DUNEDIN City Council rejects anti-fluoridation activist Olive McRae’s suggestions fluoridation equipment upgrade at Mt Grand water treatment station is being done secretively to avoid opposition.
This year, more than $50,000 will be spent replacing the treatment station’s aged fluoridation dosing equipment.
Ms McRae, who is the Dunedin representative for the New Zealand Fluoride Action Network, said she found out about the upgrade when on a recent tour of the Brinsdon Rd, Brockville, treatment station.
She said the expenditure was not itemised in the council’s annual plan and questioned why the work had not been publicly discussed.
“I don’t think they would have wanted it to come out in public, because fluoridation is so controversial,” Mc McRae said.
The money being spent on the fluoridation equipment should be spent instead on education about healthy diets and oral health care, she said.

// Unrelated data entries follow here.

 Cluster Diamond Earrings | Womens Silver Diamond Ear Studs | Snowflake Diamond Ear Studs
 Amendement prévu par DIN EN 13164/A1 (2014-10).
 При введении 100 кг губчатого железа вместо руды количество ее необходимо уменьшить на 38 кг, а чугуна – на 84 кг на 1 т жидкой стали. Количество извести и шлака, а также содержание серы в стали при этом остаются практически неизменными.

“Fluoridation is just a bandage solution, and not a good one.
“If people were taught how to look after their teeth there would be no need for toxic waste in our water.”

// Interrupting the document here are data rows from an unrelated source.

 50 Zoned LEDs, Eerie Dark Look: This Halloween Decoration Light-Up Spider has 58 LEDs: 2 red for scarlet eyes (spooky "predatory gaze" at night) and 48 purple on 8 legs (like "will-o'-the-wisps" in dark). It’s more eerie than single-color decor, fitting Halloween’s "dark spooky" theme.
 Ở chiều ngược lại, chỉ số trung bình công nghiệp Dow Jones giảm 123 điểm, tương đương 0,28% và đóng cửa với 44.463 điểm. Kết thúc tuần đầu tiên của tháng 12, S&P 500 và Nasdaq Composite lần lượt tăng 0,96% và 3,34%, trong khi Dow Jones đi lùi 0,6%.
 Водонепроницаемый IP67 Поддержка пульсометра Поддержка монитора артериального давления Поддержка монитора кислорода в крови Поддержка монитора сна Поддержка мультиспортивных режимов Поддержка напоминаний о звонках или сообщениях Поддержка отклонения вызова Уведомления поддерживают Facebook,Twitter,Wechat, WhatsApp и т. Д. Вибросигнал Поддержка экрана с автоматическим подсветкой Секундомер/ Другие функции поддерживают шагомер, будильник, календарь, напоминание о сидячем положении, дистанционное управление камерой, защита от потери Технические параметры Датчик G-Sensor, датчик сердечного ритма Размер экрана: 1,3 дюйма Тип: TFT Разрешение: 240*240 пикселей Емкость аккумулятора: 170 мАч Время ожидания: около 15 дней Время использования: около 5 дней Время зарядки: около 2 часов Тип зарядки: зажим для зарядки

Ms McRae’s suspicions were unfounded, council water production manager Gerard McCombie said.
“There is no suggestion of that,” Mr McCombie said.

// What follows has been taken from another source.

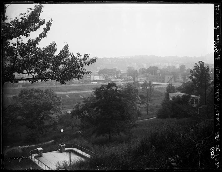 Broadway Series. View taken from field looking north from Arden Street. Billboards along Broadway at right. Dyckman Street and Riverside Drive are seen at left. 207th Street in the distance.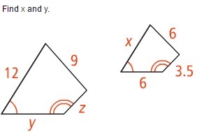 and 9 is 3/2 of 6. Therefore y would equal 6 also, x would equal 8, because 8 is 2/3 of 12, and z would equal 5 1/4.

“The current council policy is to fluoridate water. Our job is to implement that policy which includes keeping the equipment in going order.
The 30-year-old fluoridation equipment at Mt Grand was coming to the end of its life, he said.
Discussions were being held with suppliers to determine the cost and installation time-frame.
The replacement equipment, which had been estimated at up to $20,000, was likely to cost about $55,000.